The Quest for a Pragmatic Approach to Automate Data Lineage

In this post, we introduce the first of an ongoing series of data management topics: Data Lineage.

February 21, 2020

Categorized in: Data Lineage, Compliance, Data Quality, Automation

Share:

Getty Images 849212674

As Socrates is reputed to have said, “The beginning of wisdom is the definition of terms.” The area of data management, like many other areas in business technology, is rife with jargon, buzzwords, and terms whose meanings are vague, overlapping, or redundant. Definitions are necessary to cut through the confusion, and on this blog we will make a point of both minimizing unnecessary jargon and defining the key terms we do use.

As background for defining data lineage, consider that every bit of enterprise data has a point of origin — which may be either external or internal to the enterprise — and a path that it takes as it flows through the systems that make up your enterprise data infrastructure. This flow path may have branches, and applications may augment or transform the data along the way.

Data lineage is the systematic tracing of the paths taken by data through your enterprise, from its points of origin to the various endpoints where it is consumed by business users, reviewed by outside agencies (compliance), or archived for posterity (data warehouse).

The systematic tracing of the flow of enterprise data has become a necessary function of enterprise data management. Consider some of the key business functions that depend on it:

  • Compliance. When a regulator questions a value in a report, what he or she wants to know is: “Where did this value come from?” Is it a computed value? What values did the computation depend on, and where did they come from?” Data lineage answers directly this question of the provenance of data.
  • Data quality. Where are the critical points in the flow of each type of business data where the quality of the data should be subject to monitoring and control? Data lineage maps the existing flow of each business object, thus enabling the most effective placement of data quality checks and controls.
  • Planning and impact analysis of large-scale changes to data infrastructure. Large-scale changes include rationalization and streamlining business processes involving multiple systems, removing redundant applications and data, retiring legacy applications and systems, locating and locking down sensitive data, and many others. An accurate knowledge of the existing flow of data is necessary for rational planning as well as accurate prediction of the impact of any change on particular business functions.

Data lineage, however, is as challenging as it is necessary:

Manual approaches have typically been used for tracing data flow through the enterprise. But even for enterprises that are not large, human resources are inadequate to trace data flow comprehensively, and at a level of granularity sufficient to establish provenance of particular data values, for example.

Manual approaches also lack the objective verification that automation could provide, that regulators increasingly demand, and that adds rigor and rationality to project planning and decision-making.

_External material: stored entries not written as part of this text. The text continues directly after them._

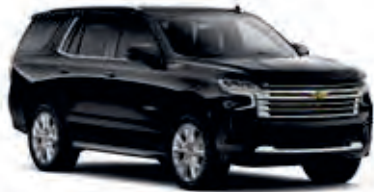
Black – GBA
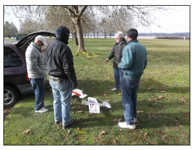
Clown vs Ringmaster discussion
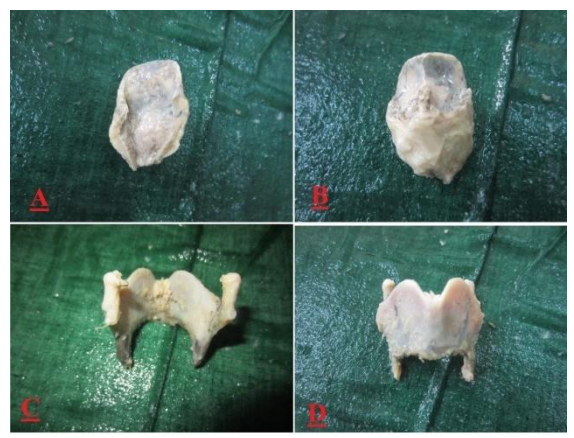
Figure 2 Dissected parts of epiglottis and thyroid cartilage shown in the chalk board teaching (A=Posterior and B=Anterior view epiglottis cartilage, C=Posterior and D= anterior view of thyroid cartilage)
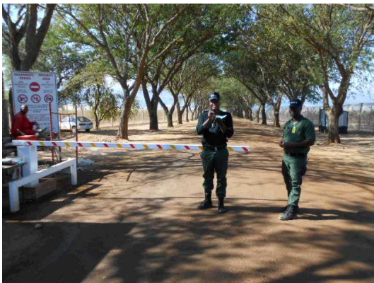
Security guards at the main entrance of the facility
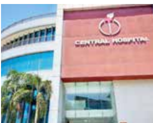
Ujala Cygnus Hospital Haldwani
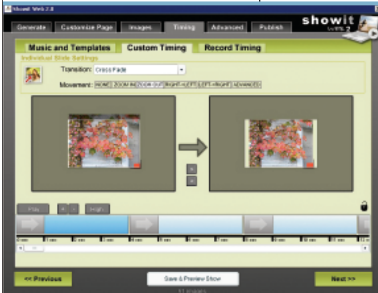
Showit Software Showit Web 2

that can be edited using Bézier curves. Keynote supports high-definition monitors with resolution up to 1,920x1,080 pixels, and it lets users apply sticky notes to photos that won't appear when the application is in the presentation mode. iWorks 06 includes text/graphics editor Pages 2 and Keynote 3. It has an MSRP of $79. www.apple.com ■
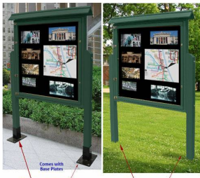
Comes with Base Plates
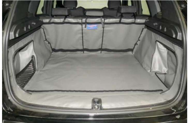
Rear Plus with Seat Split boot liner prepped for a seat flap, boot liner extension and bumper flap.
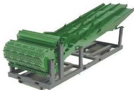
Walker Type Combine

The combine platform and feeder adjustments are similar for most types of platforms and feeding systems. All types of headers must be properly leveled to ensure the crop feeds evenly into the feed house and onto the combine cylinder. There should be 3 mm (1/8") clearance between the feeder conveyor chain and the feeder housing floor. The belt speed of pickups used with windrowed grain should be slightly faster than the combine's ground speed.
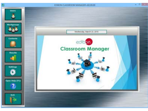
ECM-SOF. EDIBON Classroom Manager (Instructor Software) Application Main Screen

ETTE. EDIBON Training Test & Exam Program Package - Main Screen with Numeric Result Question
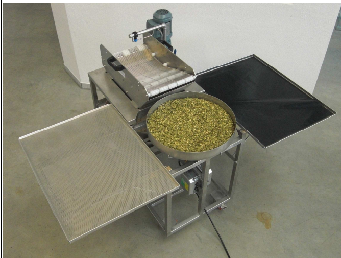
Tray deposit on the sides as optional accessory
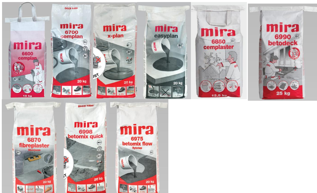
Figure 1: Picture of products
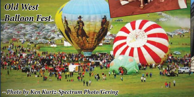
Old West Balloon Fest
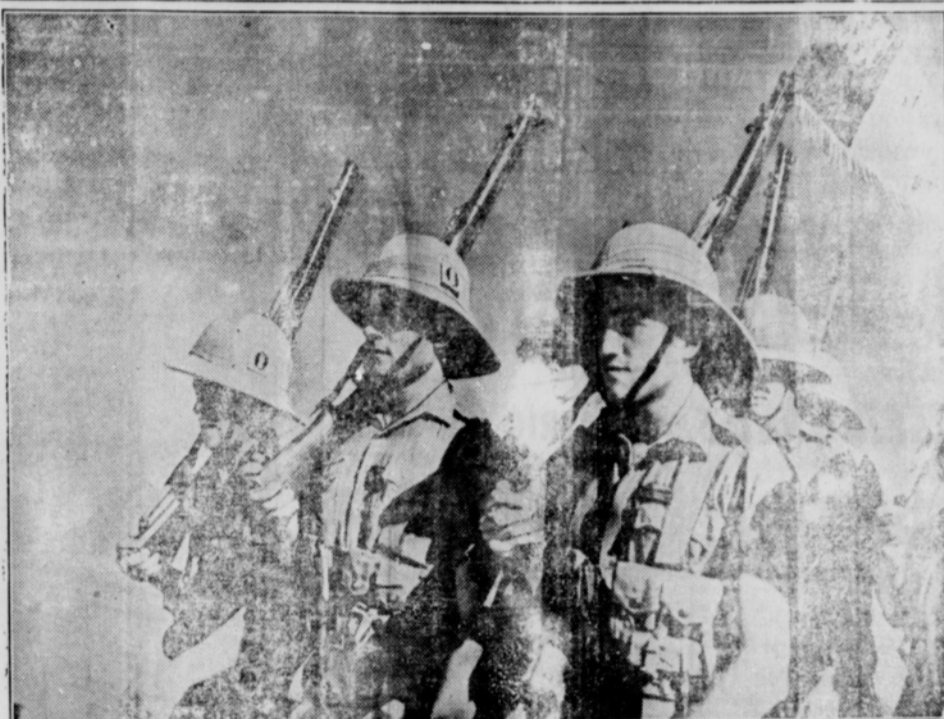
Free French Forces have joined the other fighting units of the Allies—Australians, Belgians, Czechoslovaks, Luxemburgers, Dutch, Norwegians and Poles—in action against Nazi invading forces, particularly in the various contested sectors of Libya and Syria. Above, a contingent of French Colonial infantry, part of the De Gaulle forces which repudiated the Franco-German armistice, are shown again on the march, probably "somewhere in Syria" with the Free French tri-color banner flying proudly.
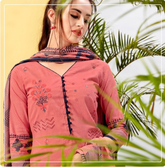
Style # 2002

Being Classy Nurturing wheremy in your life with our graceful collection of attire.
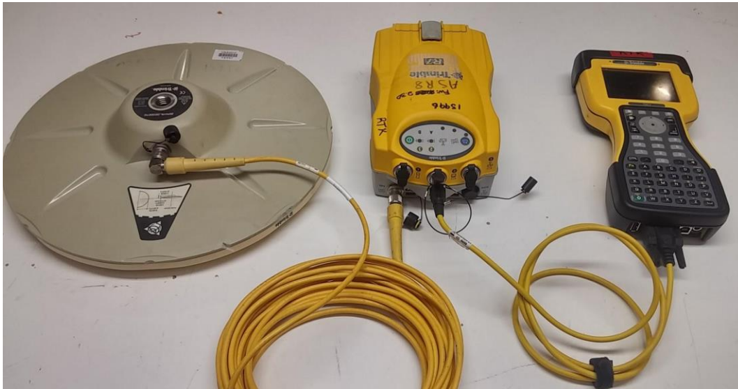
Figure 6. An example of the main components on a PPK or RTK rover. Trimble Zephyr antenna, R7 receiver, and controller. The RTK set up would also include a radio antenna attached to the R7.
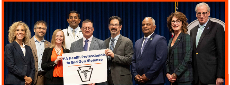
The coalition launches on Oct 8th with a series of press events featuring doctors, nurses, and other public health leaders in Philadelphia (top), Pittsburgh (middle), and at the Capitol in Harrisburg (bottom)
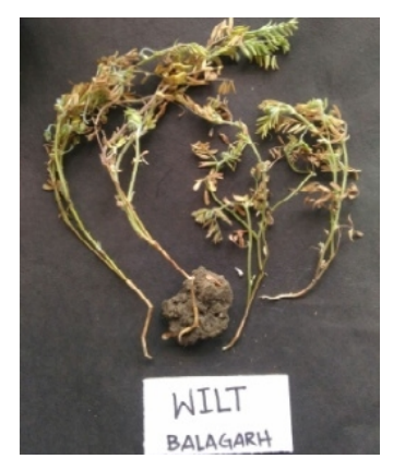
Fig. 2. Typical symptom of Fusarium wilt.

Automated approaches to data lineage, however, face their own hurdles. The computational cost of exhaustively scanning the data environment to detect the flow of particular business objects between applications and databases is enormous and increasingly prohibitive, as data environments and the number of possible flow points grow.

Further, the data flows we wish to trace are precisely the flows of key business objects (Customer, Product, Order, Account, etc.) through the environment. That is, we want to trace the flow of objects of a particular logical type, regardless of the physical form it may take in this database table or that. Given the great multitude of ways in which the same type of object is physically represented across systems, there is a logical-to-physical gap that must be bridged, and this requires advanced algorithms for logical classification of hundreds of thousands or millions (or more) of physical database fields.

We are left, then, with the question: What would a truly effective and pragmatic approach to data lineage for today’s enterprise data environments look like? We will explore the answer to this question in future posts.